[Required work]: Leave out the pictures, and print exactly the lines from the one holding "The stickers prominently" through the last line of the material.

[Data provided]:
● ● ● ● ● ● ●

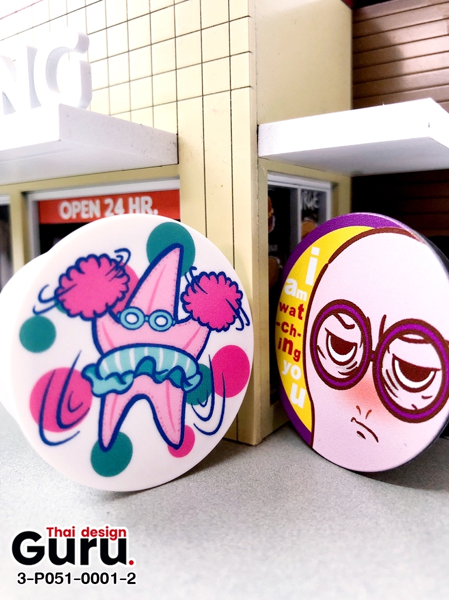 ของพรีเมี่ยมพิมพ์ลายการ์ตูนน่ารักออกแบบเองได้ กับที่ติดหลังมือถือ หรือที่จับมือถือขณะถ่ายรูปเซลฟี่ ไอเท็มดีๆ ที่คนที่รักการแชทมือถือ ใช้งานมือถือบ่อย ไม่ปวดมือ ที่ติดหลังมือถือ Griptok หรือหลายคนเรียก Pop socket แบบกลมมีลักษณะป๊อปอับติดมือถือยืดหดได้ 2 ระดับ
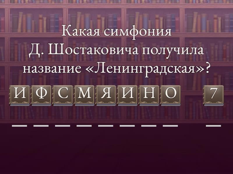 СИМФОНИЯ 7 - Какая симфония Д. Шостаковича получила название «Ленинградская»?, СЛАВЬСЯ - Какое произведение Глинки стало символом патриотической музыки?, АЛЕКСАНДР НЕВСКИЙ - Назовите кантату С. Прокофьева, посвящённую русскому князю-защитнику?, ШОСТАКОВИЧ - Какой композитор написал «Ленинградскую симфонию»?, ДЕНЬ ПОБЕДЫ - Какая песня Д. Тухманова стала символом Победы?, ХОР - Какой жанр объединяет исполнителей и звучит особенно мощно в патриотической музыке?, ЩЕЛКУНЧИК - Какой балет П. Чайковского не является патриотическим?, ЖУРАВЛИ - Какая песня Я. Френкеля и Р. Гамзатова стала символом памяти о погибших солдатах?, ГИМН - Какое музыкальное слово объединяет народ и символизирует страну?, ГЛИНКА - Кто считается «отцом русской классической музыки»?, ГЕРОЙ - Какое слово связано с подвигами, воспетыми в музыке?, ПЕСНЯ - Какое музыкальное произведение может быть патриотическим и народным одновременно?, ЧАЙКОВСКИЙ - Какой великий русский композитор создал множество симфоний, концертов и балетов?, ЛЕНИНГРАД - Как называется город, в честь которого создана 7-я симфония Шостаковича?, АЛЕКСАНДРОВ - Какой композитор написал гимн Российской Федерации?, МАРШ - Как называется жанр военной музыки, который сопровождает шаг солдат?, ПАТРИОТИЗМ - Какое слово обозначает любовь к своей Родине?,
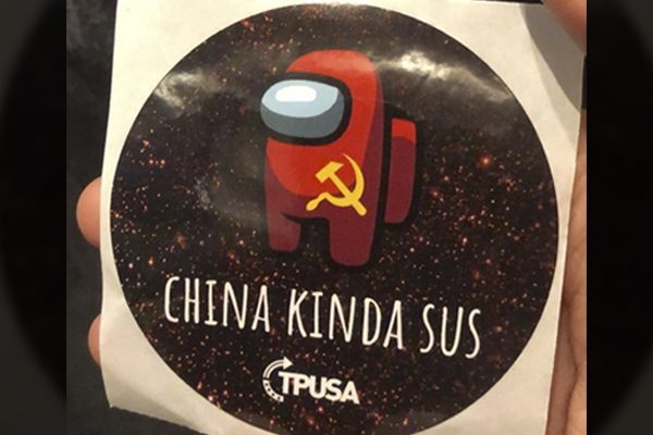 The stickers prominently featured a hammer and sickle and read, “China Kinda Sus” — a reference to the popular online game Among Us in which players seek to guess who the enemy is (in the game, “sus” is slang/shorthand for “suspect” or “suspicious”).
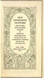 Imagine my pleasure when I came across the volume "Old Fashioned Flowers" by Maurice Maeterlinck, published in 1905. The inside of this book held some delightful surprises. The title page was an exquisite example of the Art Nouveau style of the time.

● ● ● ● ● ● ●

[Result of the exercise]:
 The stickers prominently featured a hammer and sickle and read, “China Kinda Sus” — a reference to the popular online game Among Us in which players seek to guess who the enemy is (in the game, “sus” is slang/shorthand for “suspect” or “suspicious”).
 Imagine my pleasure when I came across the volume "Old Fashioned Flowers" by Maurice Maeterlinck, published in 1905. The inside of this book held some delightful surprises. The title page was an exquisite example of the Art Nouveau style of the time.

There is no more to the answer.